# [Problem statement]
Print the records below exactly, from the line containing "また、小陰唇が大きいと小陰唇" down to the line containing "Lounge/kitchen: 2.7m x", both lines included, and omit every picture.

# [Extracted material]
───
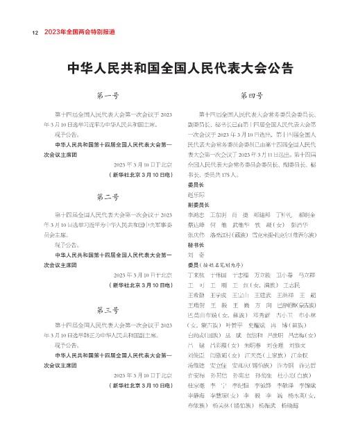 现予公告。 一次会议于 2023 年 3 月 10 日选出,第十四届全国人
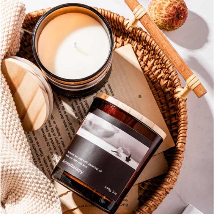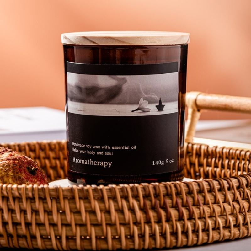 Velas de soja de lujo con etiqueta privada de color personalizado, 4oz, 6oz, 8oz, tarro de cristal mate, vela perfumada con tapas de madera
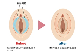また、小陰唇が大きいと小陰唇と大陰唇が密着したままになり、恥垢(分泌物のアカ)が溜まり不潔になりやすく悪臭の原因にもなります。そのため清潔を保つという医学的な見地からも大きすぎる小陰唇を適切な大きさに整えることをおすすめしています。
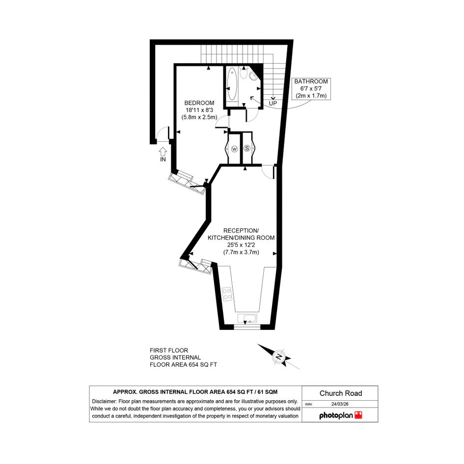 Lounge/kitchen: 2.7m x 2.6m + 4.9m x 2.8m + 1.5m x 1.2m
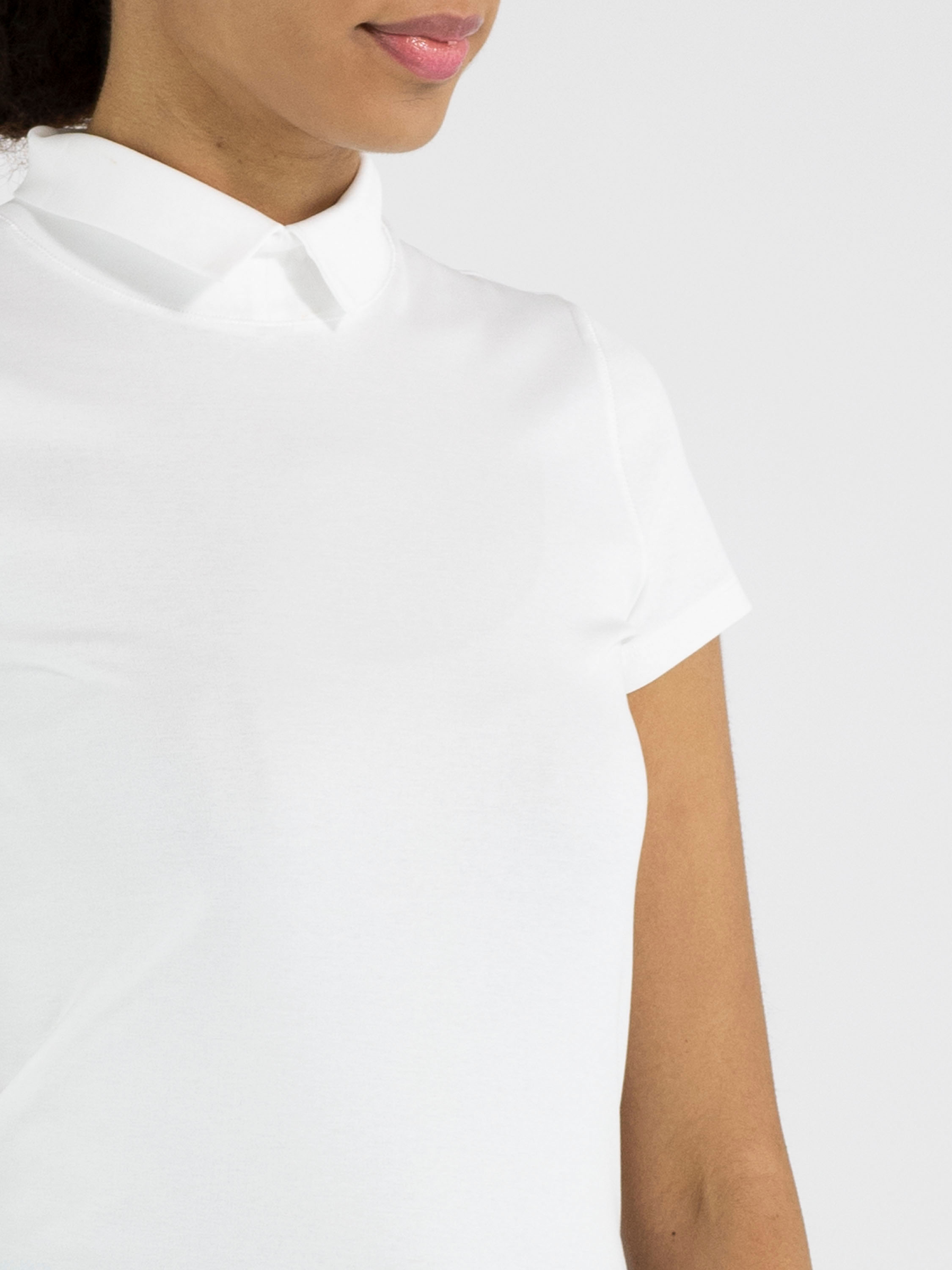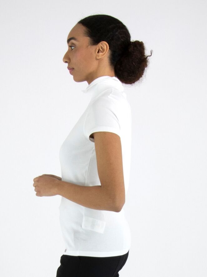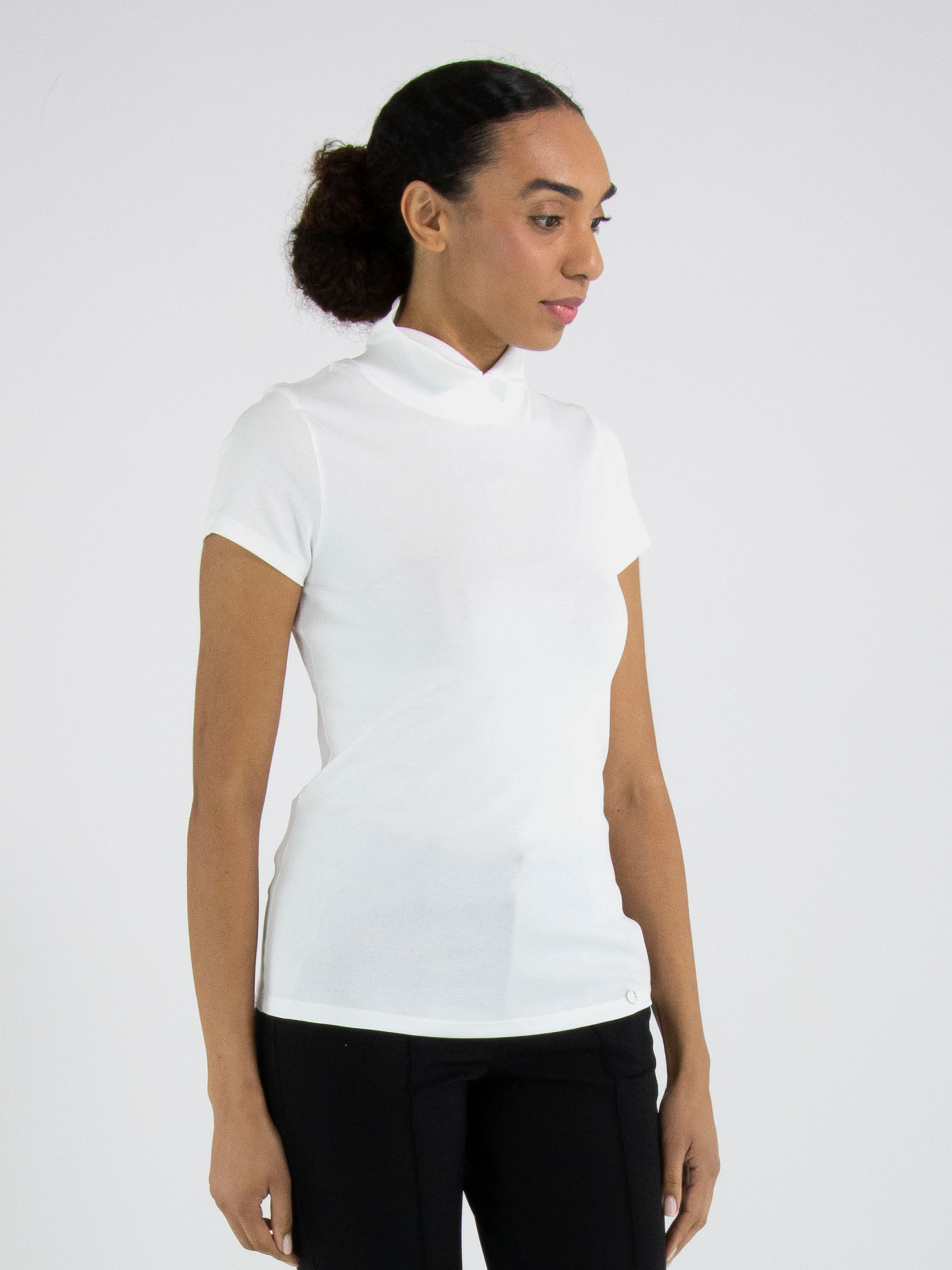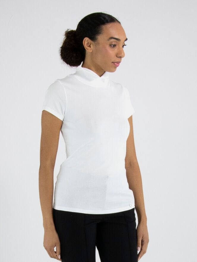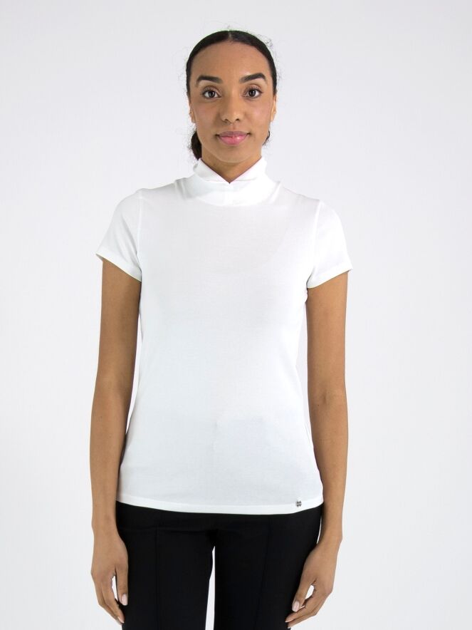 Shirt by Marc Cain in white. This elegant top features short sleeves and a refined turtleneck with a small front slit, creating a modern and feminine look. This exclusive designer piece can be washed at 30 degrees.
───
# [Written solution]
また、小陰唇が大きいと小陰唇と大陰唇が密着したままになり、恥垢(分泌物のアカ)が溜まり不潔になりやすく悪臭の原因にもなります。そのため清潔を保つという医学的な見地からも大きすぎる小陰唇を適切な大きさに整えることをおすすめしています。
 Lounge/kitchen: 2.7m x 2.6m + 4.9m x 2.8m + 1.5m x 1.2m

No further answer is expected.